A Co Galway Astronomer: John Birmingham

Connacht Tribune 1956

by P.M Diskin, M.A, University College, Galway

JOHN BIRMINGHAM, the astronomer, one of the most interesting Co. Galway figures that the last century, lived at Millbrook, near Milltown, where the ruined remains of his residence are still be be seen. He was a member of a family which had been settled in the Milltown locality since at least the sixteenth century, but the Birminghams had entered Co. Galway at a much earlier period.

Richard Birmingham was created Lord Athenry in 1316 and John Birmingham of Athenry who commanded the forces that defeated Edward Bruce at Faughart, Co. Louth, in 1318, won the title in consequence of Earl of Louth and Baron of Ardee. The Birminghams built Dunmore Castle in the area from that time forwards.

Birmingham’s grandfather, Sean Dearg ‘ac Fheorais, as he was locally known, is said to have been a wealthy man and to have owned sugar plantations in the west Indies, but this disappeared. Our John Birmingham, the Sean Mor of the song, “Cearc agus Coileach,” in Mrs. Costello’s “Amhrain Mhuighe Seola” was born in 1816. He was educated on the Continent and a local tradition has it that he spent seven years in Berlin. it is stated on reliable authority that he had a considerable knowledge of languages and that he had travelled in most European countries. He seems to have qualified a civil engineer and he occupied for some time a position as inspector in the Board of Works. He was the owner of a small estate at Millbrook and of another property at Logboy, near Ballyhaunis, and was a magistrate in both districts.
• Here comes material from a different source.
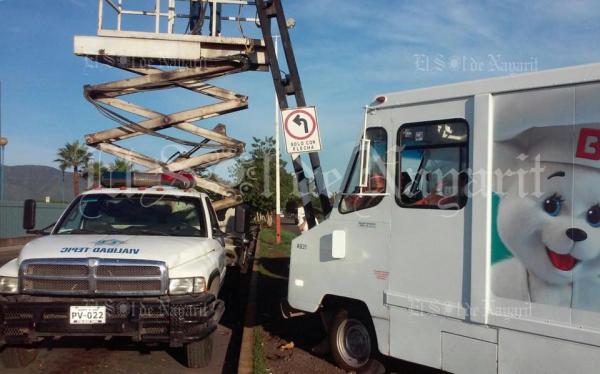 El camión de Bimbo continuó su marcha, y terminó estrellándose contra el poste de un semáforo, dañándolo.

Although Birmingham had a considerable interest in geology, contributing papers on the subject to the Journal of the Geological Society of Dublin, and engaging in prospecting and mining activities on his property at Logboy, it was his discoveries in astronomy that brought him some fame and earned him a place in the “Dictionary of National Biography.” He was the first to notice the appearance on the 12th May, 1866, of a remarkable variable star in Corona Borealis, and, in 1872, he undertook the revision of Prof. Schjellerup’s (Copenhagen) “Catalogues of Red Stars,” adding, among others, many discovered by himself. It was published in the “Transactions of the Royal Irish Academy” for 18979 and for it he was awarded the Cunningham Medal in 1884. On 22nd May, 1881, he discovered a strikingly variable star in Cygnus which became known by his name. He made contributions to the German “Astronomische Nachricten” and was in correspondence with several foreign astronomers, notably the world-famous director of the Vatican Observatory, Fr Secchi.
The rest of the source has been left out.